Sooner or later something was going to take place on this bed and tonight was evidently going to be the night. It was raison d'etre for the bed --- if Mick couldn't get Keith into bed, this (James) was the next best thing... No one knew about our little evening, of course, not a soul. But somewhere out in the drab, damp London night, the chief Dracula of this scene, director Donald Cammell, opened up his window and snatched it out of the air....
By which she means, PERFORMANCE --  a movie that was then shelved for two years (released in 1970) and is still way, way ahead of its time. If the Redlands bust in mid-60s London was like overturning a normal rock and finding the madness of affluent and beautiful youth experiencing a level of freedom the average voluntary slave to the system found intimidating, thus inspiring jealous rage, curious prurience and hypocritical pooh-poohing, PERFORMANCE made it impossible to be or do those things anymore - we were suddenly inside the dragon's den, the average viewer, like Chaz, the uncool (or cool, if you weren't class conscious) sadist gangster dosed with shrooms, found himself wrapped up in the new freedom. All it takes is the right set and setting and the right dosage, the bonds of rational sense and order vanished in a Lewis Carroll wordplay identity-dissolving labyrinth of play, sound, light, and movement. Could anyone imagine a better set and setting than that trippy house with those gorgeous, talented, free-spirited, vaguely Satanic, utterly open yet endlessly masked characters? The cast of the film mirrored that menage that Faithfull and Mick had been in before, albeit confusing the matters (as befit the subject): Faithfull's bosom chum (And Keith's girlfriend) Anita Pallenberg was the girl; Michele Breton played the androgyne that Mick could morph into (and James Fox's androgynous real-life girlfriend); Fox and Jagger played more or less themselves -- Camell-ionically warped into endless permutations, mirror dissolves, sex and gender warping, Francis Bacon-ating equations.

Some of the opening half of PERFORMANCE gets a little tedious, with all the thick gangster slang, crosscuts, and seething leatherboy power plays, that is, unless you give up expecting narrative thrust and surrender to Roeg's keen interest in generating meaning from apparently random images and sounds thrust up against each other. Cammell territory kicks in when we get to Mick and Anita's house, but before then the beauty is in short supply, and what there is gets uglied up pretty fast, such as a long scene of Chaz (Fox) pouring acid (wrong kind!) on a Rolls Royce (how wasteful!) or being roughed up by his old schoolboy crush, a small town bookie Chaz's boss has newly muscled into the orginzation.  Roeg cutting back and forth to Parliament in session with various scenes of bullying office drones. Whoa!

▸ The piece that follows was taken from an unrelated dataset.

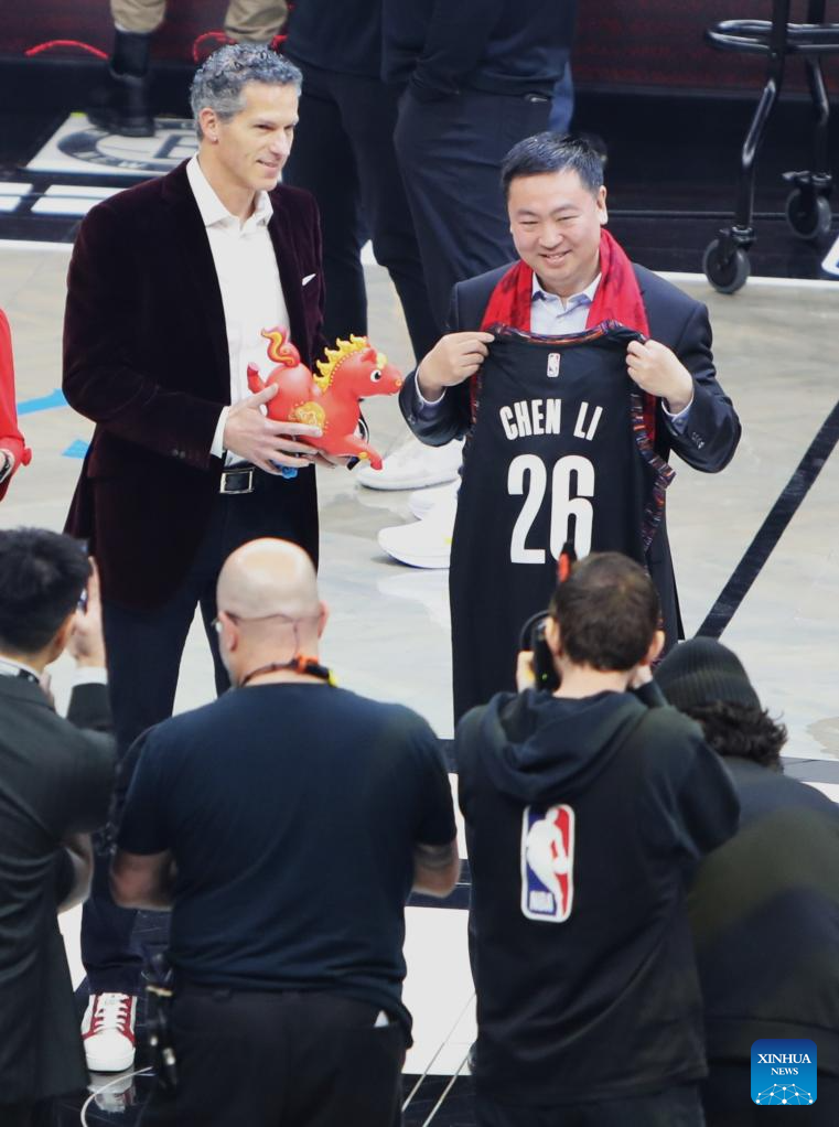 Chinese Consul General in New York Chen Li (R) exchanges gifts with a representative from Brooklyn Nets at Barclays Center in New York, the United States, Feb. 11, 2026. (Xinhua/Zhang Fengguo)

But cross cutting like that is annoying (was it ever not cliche? If anyplace wasn't, this is it) and overly jarring (as in: sir are you inferring corporate takeovers voted through in Parliament is no different than gangsters muscling in for cuts of criminal enterprises? How dare you sir-zzzz)



The film hits its high "now its kicking in!" moment about 1/3 of the way through, when Turner (Mick) calls Chaz (Fox) up from his basement room, planning to kick the bugger out. Chaz is desperate to stay, and Turner is artistically blocked enough to feel him out like a character study, or just too f*cked up to figure out how to get rid of him, perhaps sensing the danger or sympathizing with what he gleans is a life or incarceration situtation. (If you've ever had to kick a broke meth-rattled scuz out of your hippie house while tripping on acid, you'll relate.) As Turner tries different weird passive-aggressive intimidation tactics, Chaz defends himself with feigned stupidity and music hall clownery. Chaz is initially so clueless about the current entertainment world that he bills himself as a juggler--which is a very easy lie to get caught in (if you can't juggle, which he certainly can't). Turner doesn't buy it, but he seems to be taking notes, filing it all into his own bag of tricks. Finally, Turner decides to keep him around in a kind of jaded rock star "slumming" way, as when Joe Buck and Ratzo get invited to the psychedelic party in MIDNIGHT COWBOY.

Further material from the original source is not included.